Por sorte, pode se dar ao luxo de prosseguir em leituras erráticas (como um vagabundo tocando em surdina, título de um livro de Knut Hamsun; sua vida estava indissoluvelmente atrelada aos livros), descobrindo bons autores, de acordo com o próprio alvitre, tudo por sua conta e risco, embora Sven torcesse o nariz para certos nomes. O interesse podia vir através de títulos intrigantes ou, até mesmo, da ilustração da capa. Lembrou-se, então, de Monteiro Lobato, que na década de 40, recém-chegado dos Estados Unidos, passou a propagandear o livro como um produto, mercadoria exposta em mercados, farmácias, postos de gasolina, à disposição, como creme dental, sucrilhos e fiambrada. Daí, a ilustração e as cores da capa passarem a fazer parte do produto, diferentemente da política editorial anterior, herdeira da tradição européia, cujas capas eram ricas tipograficamente, mas de embalagem pouco convidativa. Depois de Lobato, a indústria editorial brasileira nunca mais seria a mesma. Digam o que quiserem sobre os seus quiproquós com os modernistas, mas o homem era um visionário. Pode-se até perdoá-lo por ter omitido em sua tradução de “Robinson Crusoé” a passagem do náufrago pelo Brasil.

A chuva não parava, o dia cinzento, convidativo à introspecção, o bibliotecário teve necessidade de firmar os olhos para ler algumas lombadas, numa conhecida brincadeira. Adivinhava-lhes os nomes e não podia mais enganar a si mesmo, sabia que precisava ir urgente ao oculista, lhe pingariam um colírio doloroso e depois o mandariam ler alguma coisa. Não conseguiria, evidentemente. Quem consegue? Lembrou-se então de Borges, o bruxo argentino, cego, pedindo às pessoas que iam visitá-lo no apartamento de Buenos Aires que anotassem os poemas que laboriosamente lapidara durante a noite eterna dos dias anteriores, lembrou-se da irônica personagem do bibliotecário cego do romance “O Nome da Rosa”. Não, não queria esse fim para si mesmo. Mesmo porque não haveria um Eco local para eternizá-lo. Amanhã, iria sem falta ao oculista.

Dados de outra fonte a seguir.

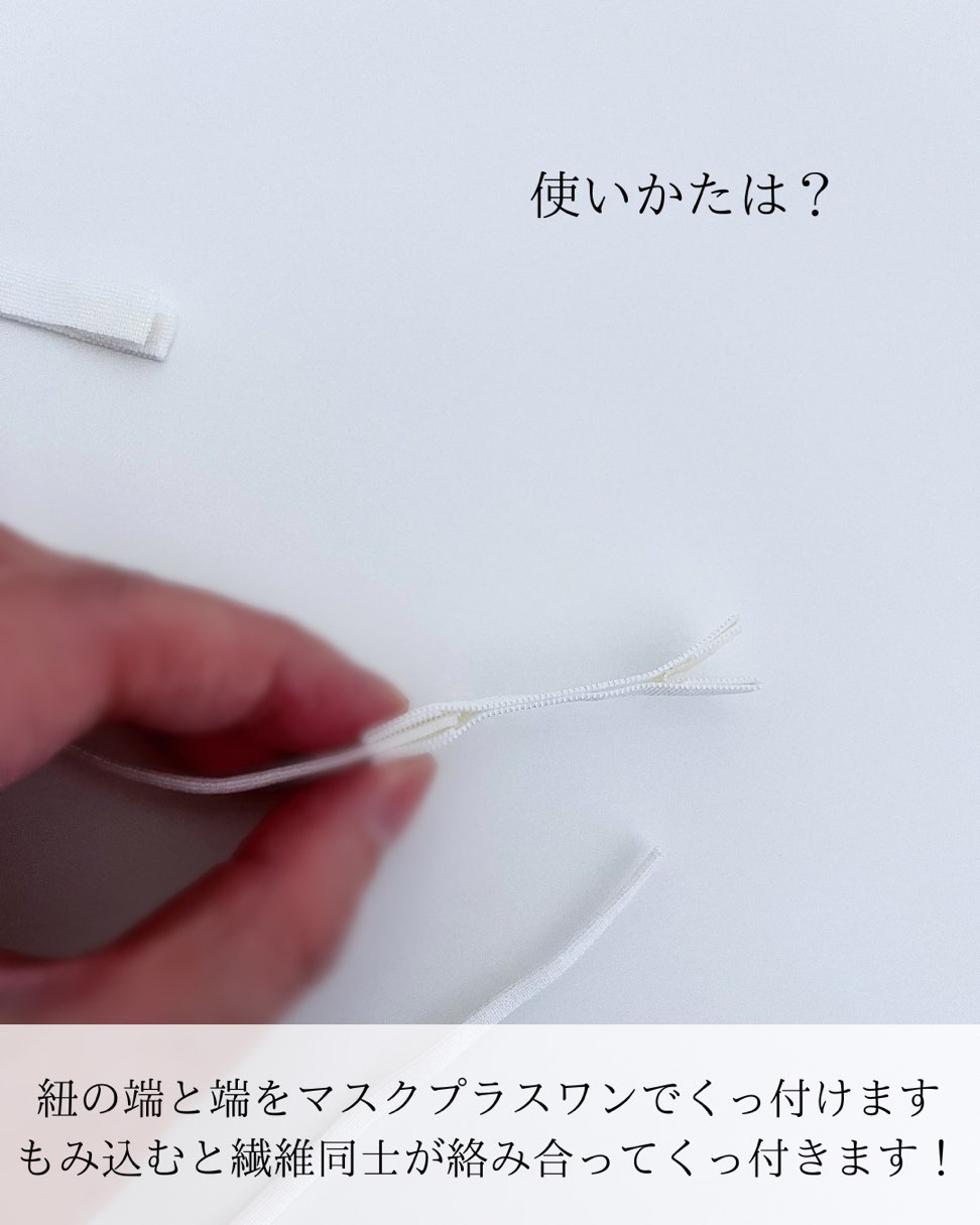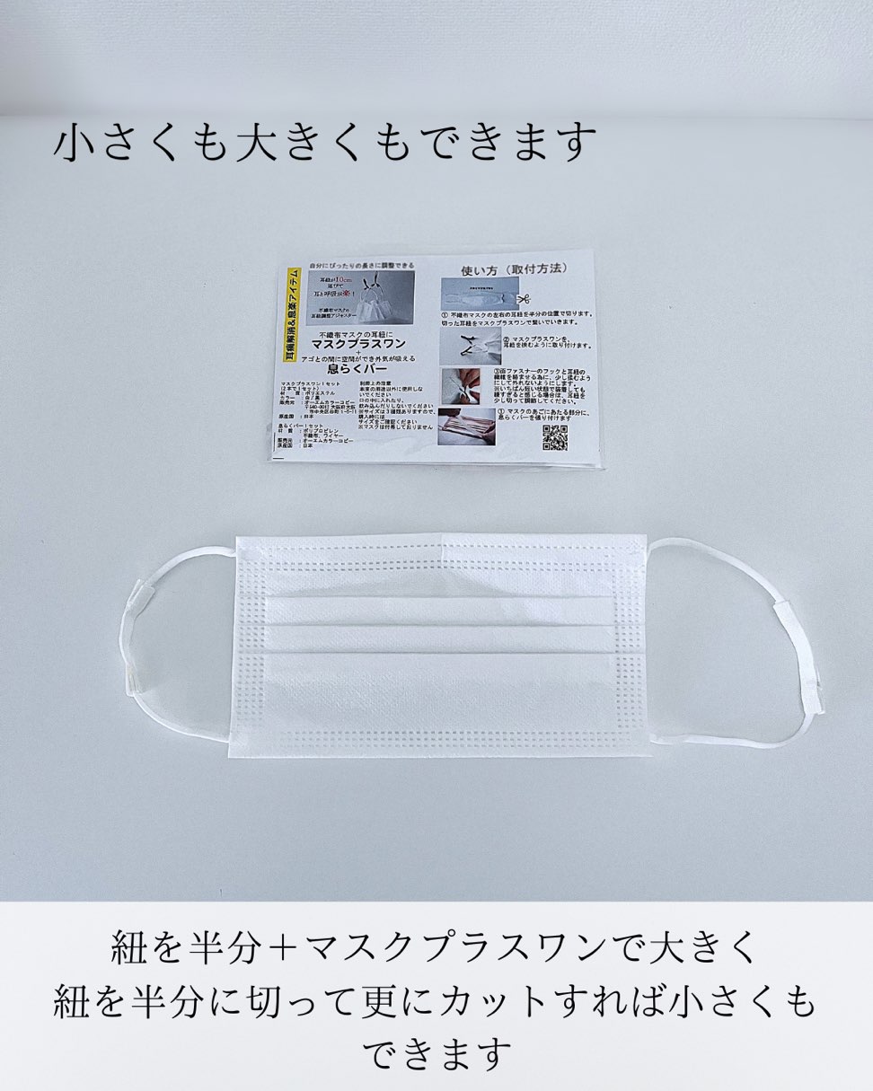 マスクの紐を半分のところで切ってマスクプラスワンを取り付けます。
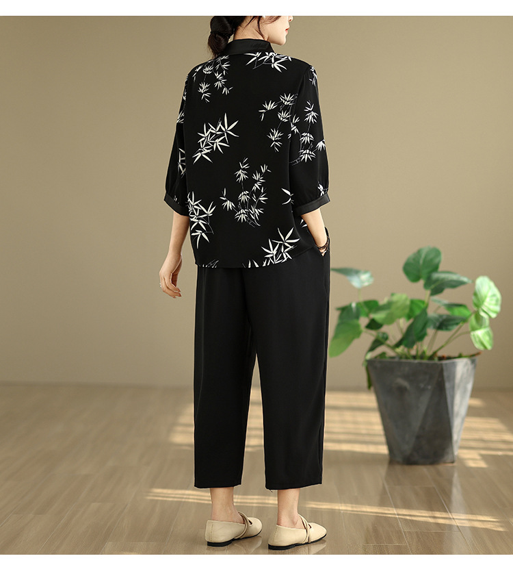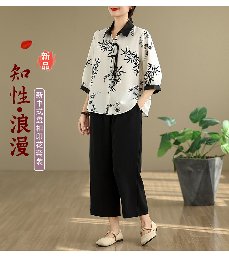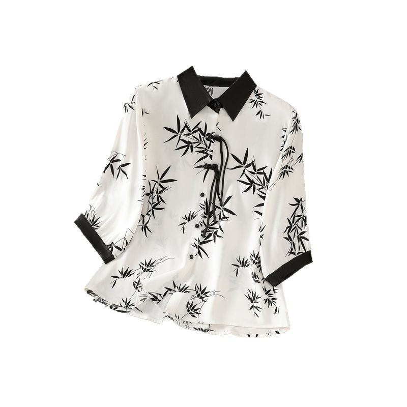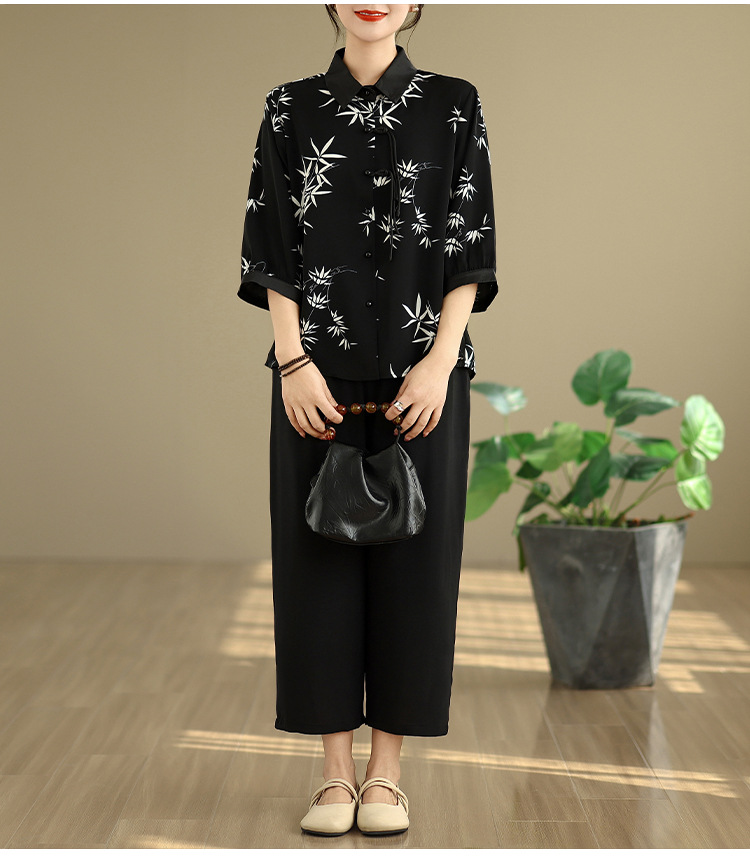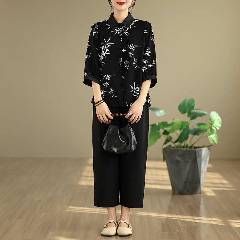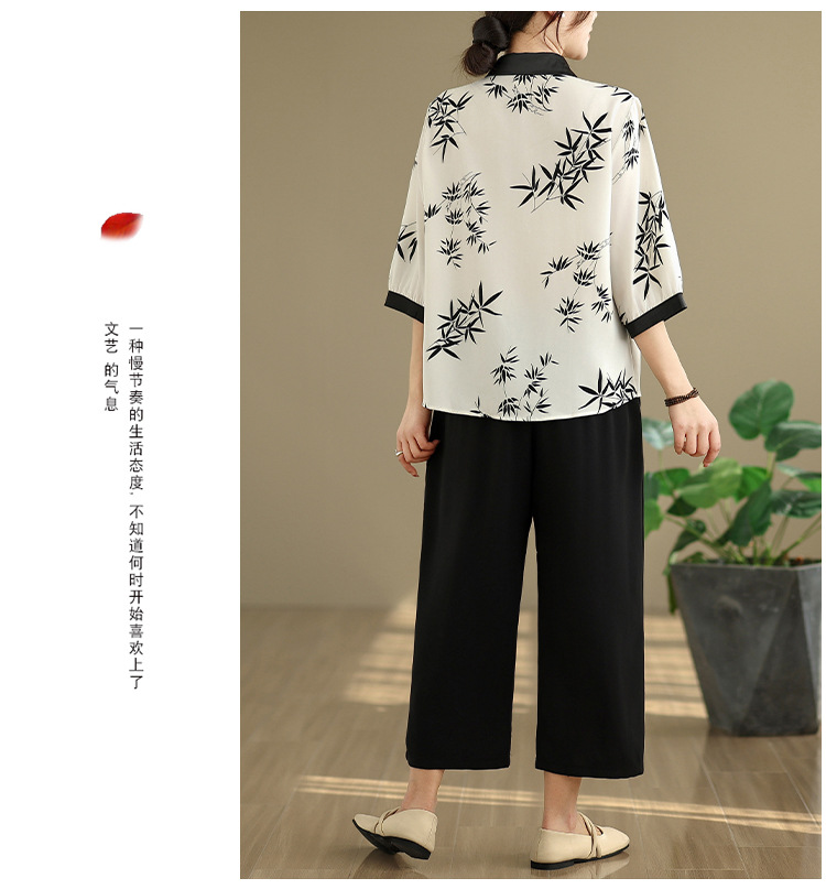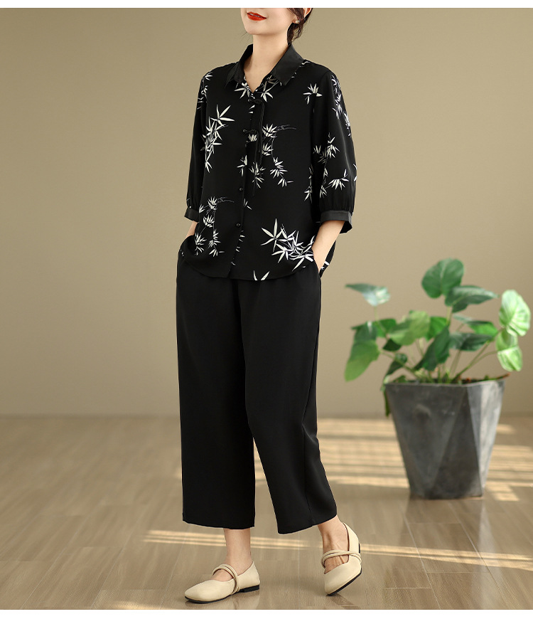 Настоящая фотография модной шифоновой рубашки с лацканами для женщин среднего и пожилого возраста, летняя свободная тонкая рубашка со средним рукавом, футболка, костюм

Ao mudar-se para Curitiba, aos 20 anos, o velho bibliotecário passou a frequentar o único sebo da cidade (hoje, a capital paranaense conta com excelentes casas de livros usados). Assim, foi acumulando livros e mais livros no quarto de pensão onde morava. Ao mudar-se para Campinas, quatro grandes malas continham as suas preciosidades livrescas, grande parte em antigas edições de papel jornal, em meio a poucas peças de roupa: uma calça, cinco camisetas, cuecas e uns pares de meias. Esses volumes em papel jornal, que vão se desfazendo sob a ação do tempo, são o retrato da política de Guerra, quando o papel bom, de qualidade, era desviado para as frentes de batalha. Assim, os excelentes títulos da Editora Globo, do Rio Grande do Sul, são hoje encontrados em petição de miséria, desfazendo-se, e a preço de banana. Lembrou-se da gasta edição de “Um Gosto e Seis Vinténs”, a irretocável biografia de Paul Gauguin, de Somerset Maughan, comprada no Sebo do Mosquito, em Florianópolis, pela bagatela de um cruzeiro, na década de 80.

As estantes, em casa, tinham muitos livros de poetas, de poesia, de estudos sobre poesia, de biografias de poetas, em fileiras duplas, a casa era humilde, de poucas paredes, quase todas tomadas pelos livros. A solidão e o amor aos versos levaram-no a publicar dois livros de poesia, aos quais somente os mais chegados tinham acesso. Não que se envergonhasse deles, nem que modesto fosse, mais o medo de parecer arrogante, pois sabia, desde menino, que em terra de cego, quem tem um olho é caolho. Sempre em gestação, tinha um inédito que escrevera e reescrevera várias vezes, não por capricho, nem por excesso de zelo, mas por não ter encontrado editor que por ele se interessasse, também não saíra em busca. Achava o título o máximo: “A Tal da Poesia”, uma traquinagem com “O Tao da Física”, de Fritjof Capra. Agora, pensando bem, a graça do título se esvaíra com o passar do tempo, ninguém mais lançava o tao disso, o tao daquilo. Perdera a oportunidade. Como a poesia lhe era cara, não conseguia entender por que certos prosadores torcem o nariz para a arte poética. Novamente, a teia da memória fazia das suas: o grande escritor William Faulkner, em entrevista à Paris Review, afirmava que todo romancista é um poeta fracassado, que impossibilitado para escrever poemas, tenta a forma do conto e, fracassando na arte da narrativa curta também, faz finalmente a opção pelo romance. Onde lera isso? Será que a grande aranha estava jantando as moscas do seu cérebro? Tinha certeza de que a poesia, a verdadeira poesia, deveria ser, antes de tudo, a arte da concisão, a alta voltagem da palavra, o resgate da língua. Onde lera isso? Em certa época, deixou-se envolver pela poesia visual.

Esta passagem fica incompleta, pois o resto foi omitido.